Work instructions — With the pictures removed, reproduce exactly the lines from the one that contains "PH PandaHall 30pcs" through the last line of the entries below.

Data —

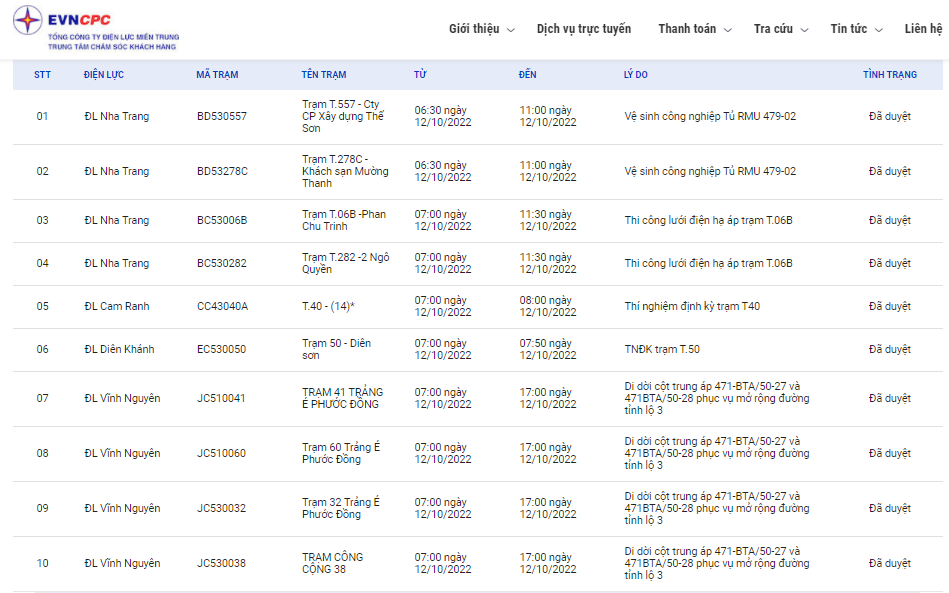 Lịch cắt điện Khánh Hòa ngày mai 12/10 trên website của EVNCPC. Ảnh: BNEWS
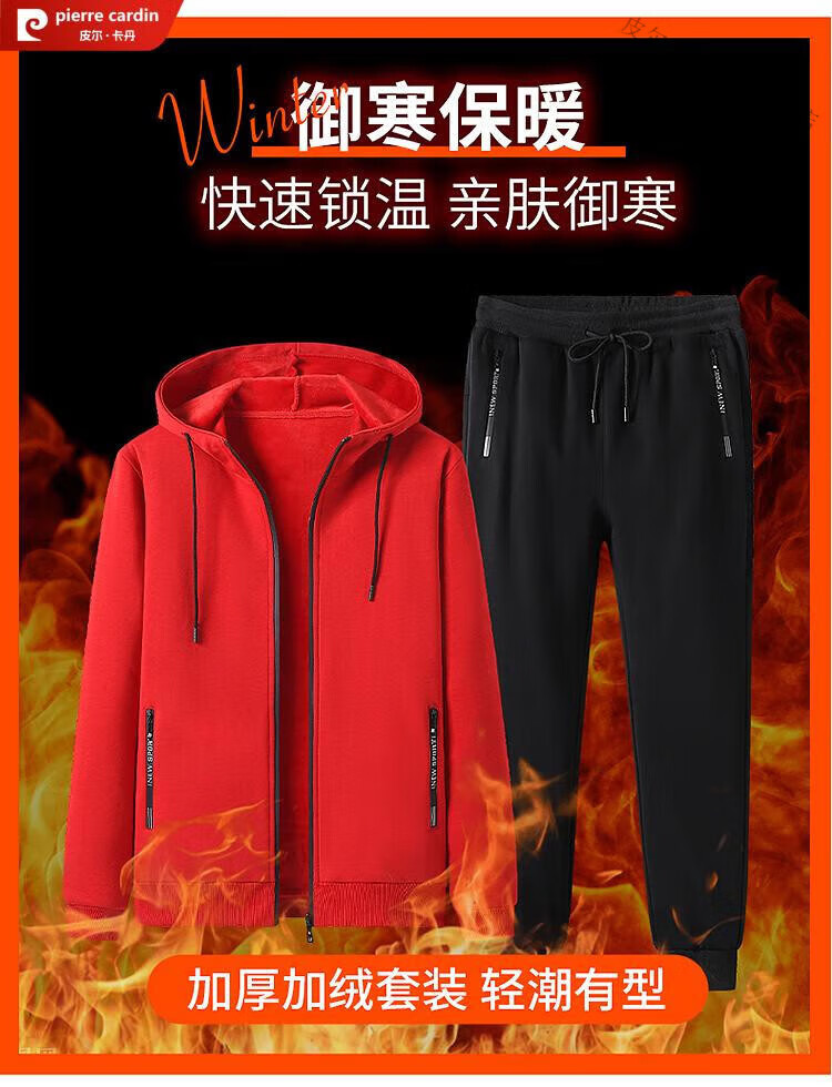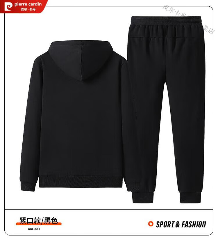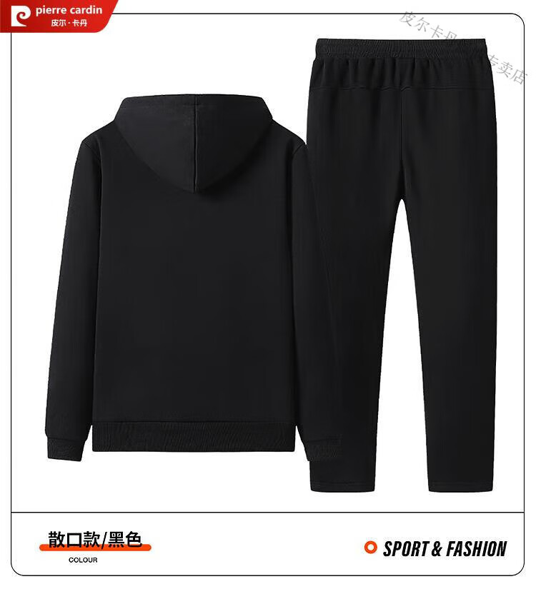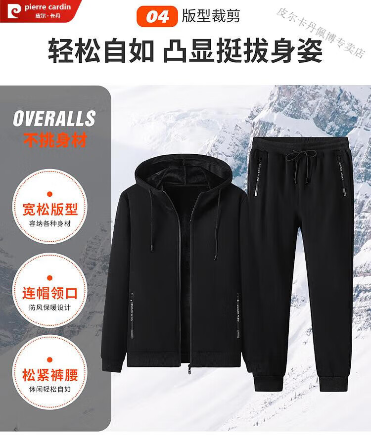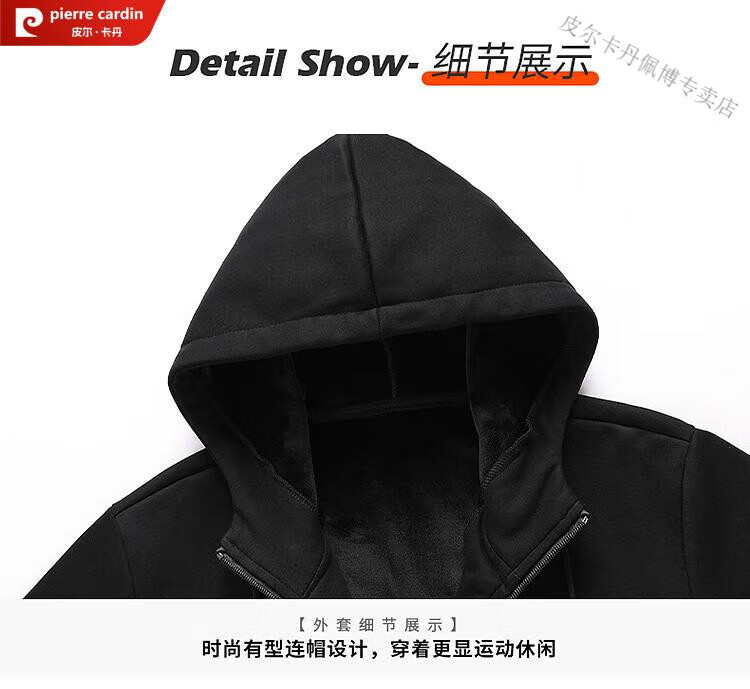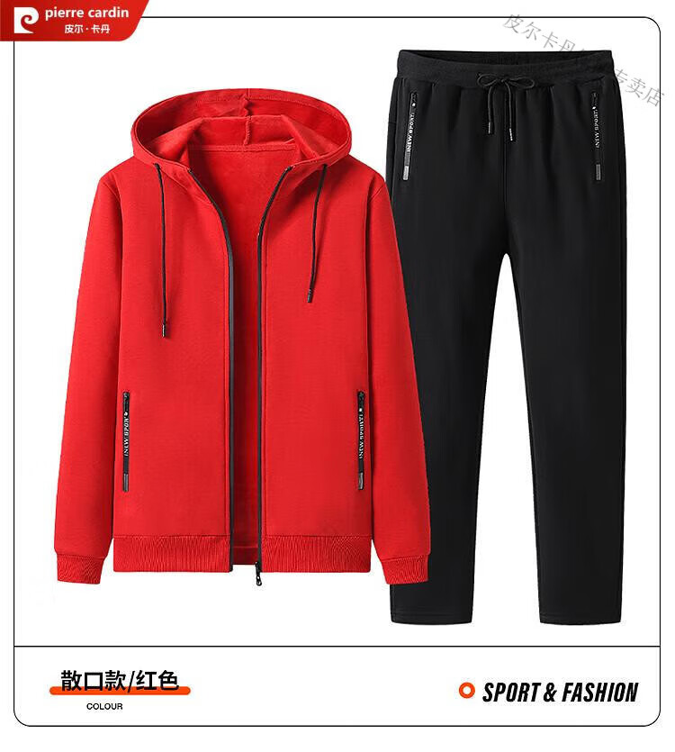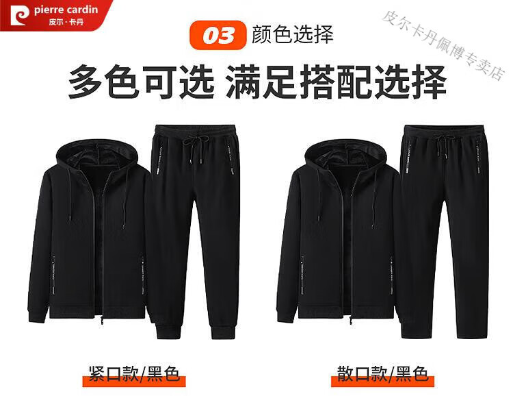 Pierre Cardin pure cotton sports suit men's autumn and winter velvet thickened hooded cardigan sweatshirt large size loose running two-piece set 5855 dark gray plus plush leg set XL 125-140Jin Jin equals 0.5 kg
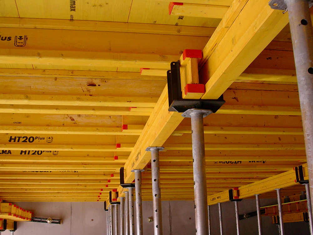 Cofragem de vigas de madeira para a construçao de qualquer tipo de lajes: maciças, nervuradas, inclinadas, vigas de bordadura, arremates, balanços, etc. As vigas independentes proporcionam grande flexibilidade a este sistema de cofragem e excelente acabamento de betão visto.
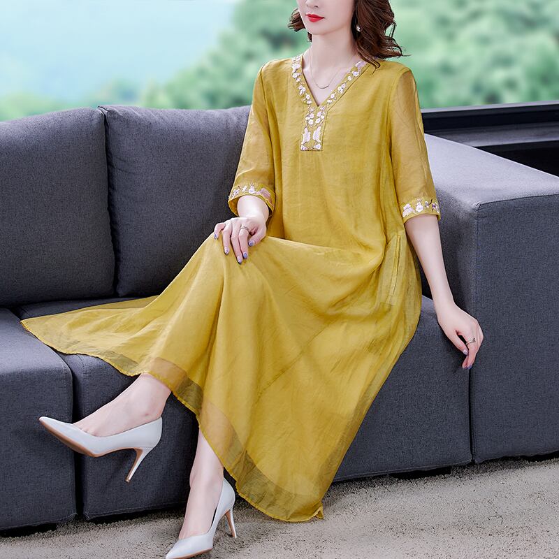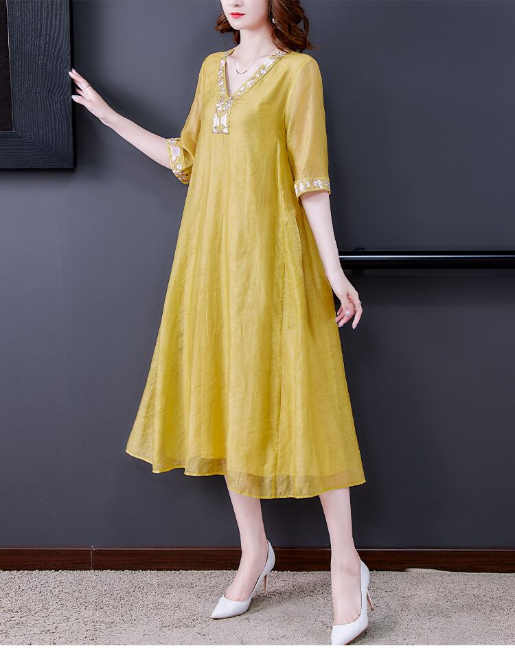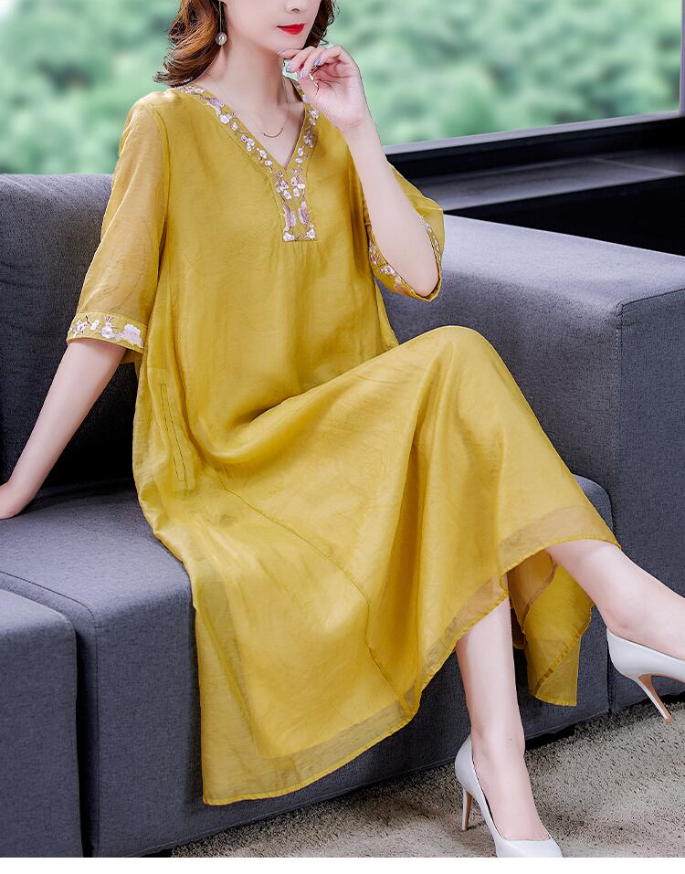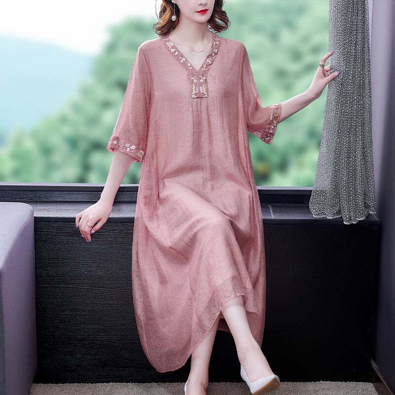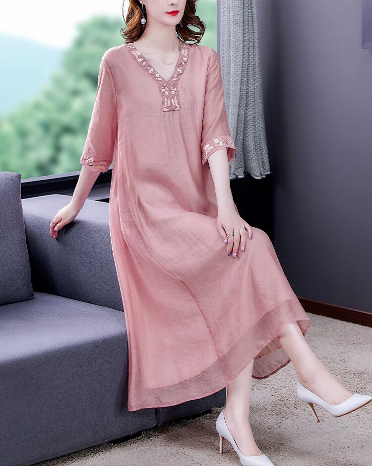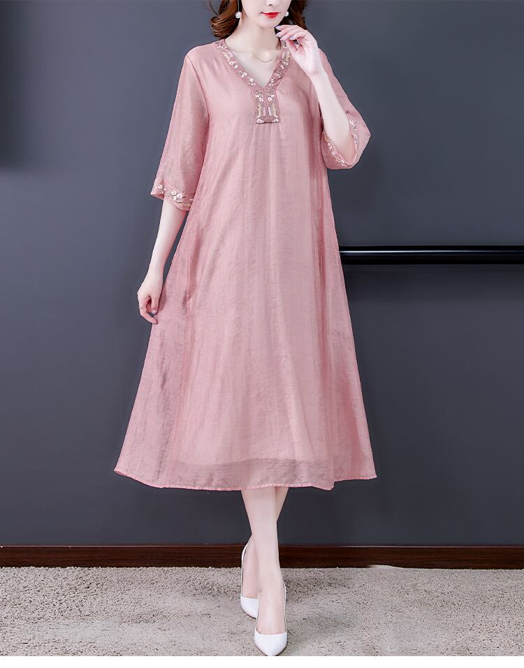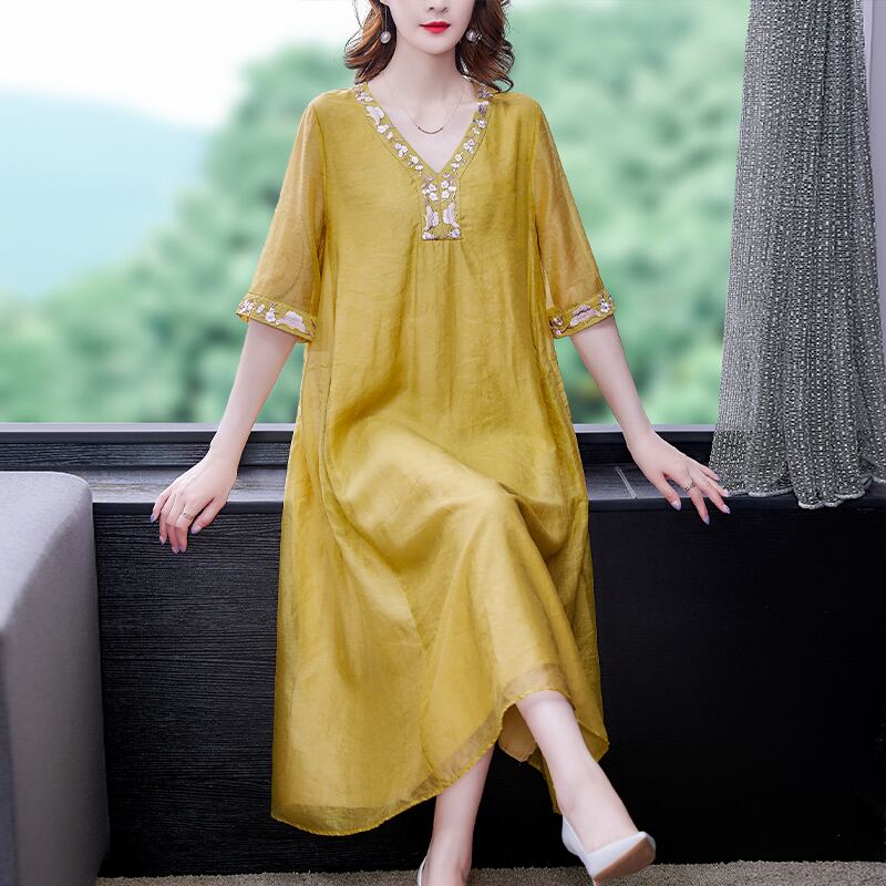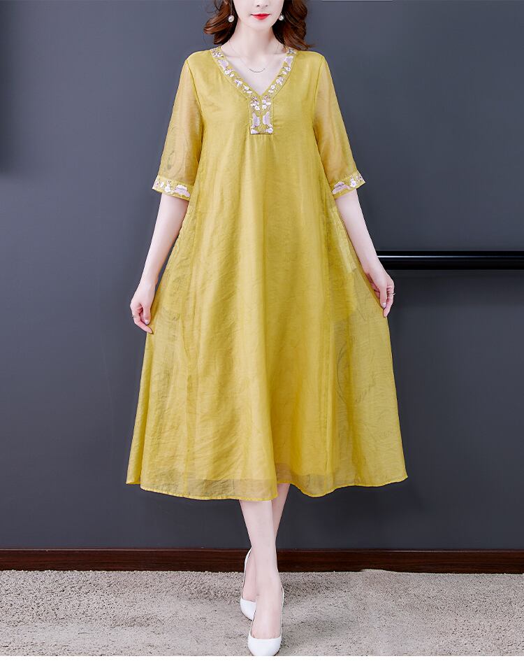 ワンピース 刺繍 ミディ丈 シースルー 透け感 Vネック 無地 半袖 フェミニン きれいめ ナチュラル デート 通勤 ショッピング 春 夏 秋 大きいサイズ かわ大 キレナチュ
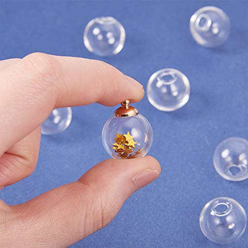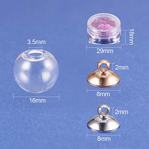 PH PandaHall 30pcs 16mm Mini Vetro Trasparente Bottiglia di Vetro con Star Manicure Paillettes Desideri Bottiglie di Vetro per Pendente Fai da Te Charms Stud orecchino Making, 8mm cap (Argento, Oro)
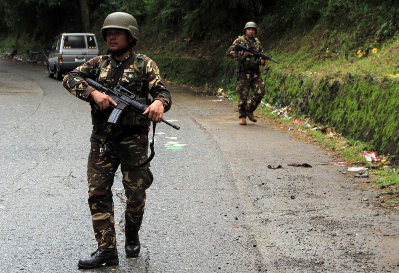 圖:菲律賓士兵對29日的爆炸地點進行搜查 法新社
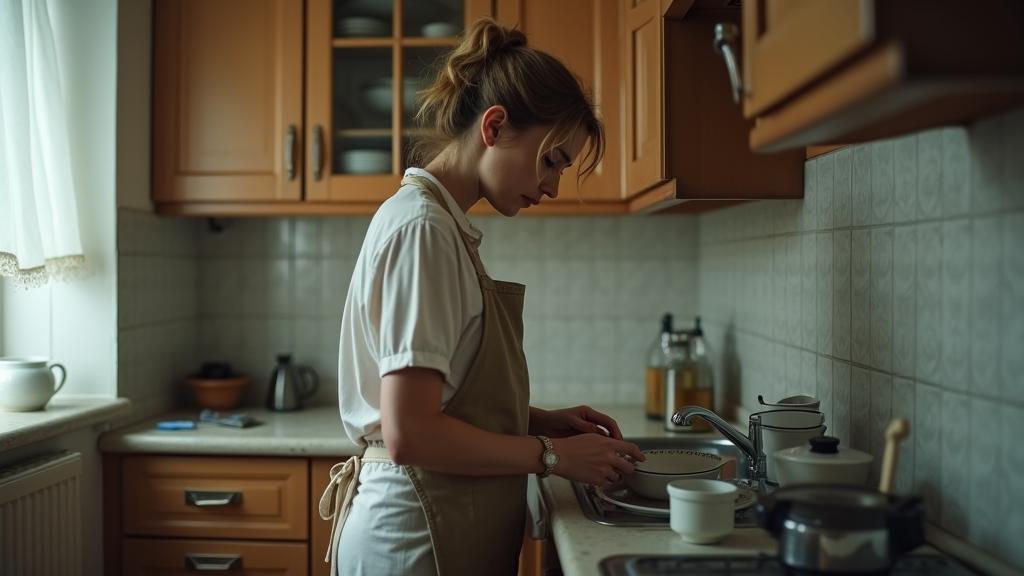 Ольга принесла тряпку, ведро и стала молча собирать то, что осталось от ужина.

Exercise answer —
 PH PandaHall 30pcs 16mm Mini Vetro Trasparente Bottiglia di Vetro con Star Manicure Paillettes Desideri Bottiglie di Vetro per Pendente Fai da Te Charms Stud orecchino Making, 8mm cap (Argento, Oro)
 圖:菲律賓士兵對29日的爆炸地點進行搜查 法新社
 Ольга принесла тряпку, ведро и стала молча собирать то, что осталось от ужина.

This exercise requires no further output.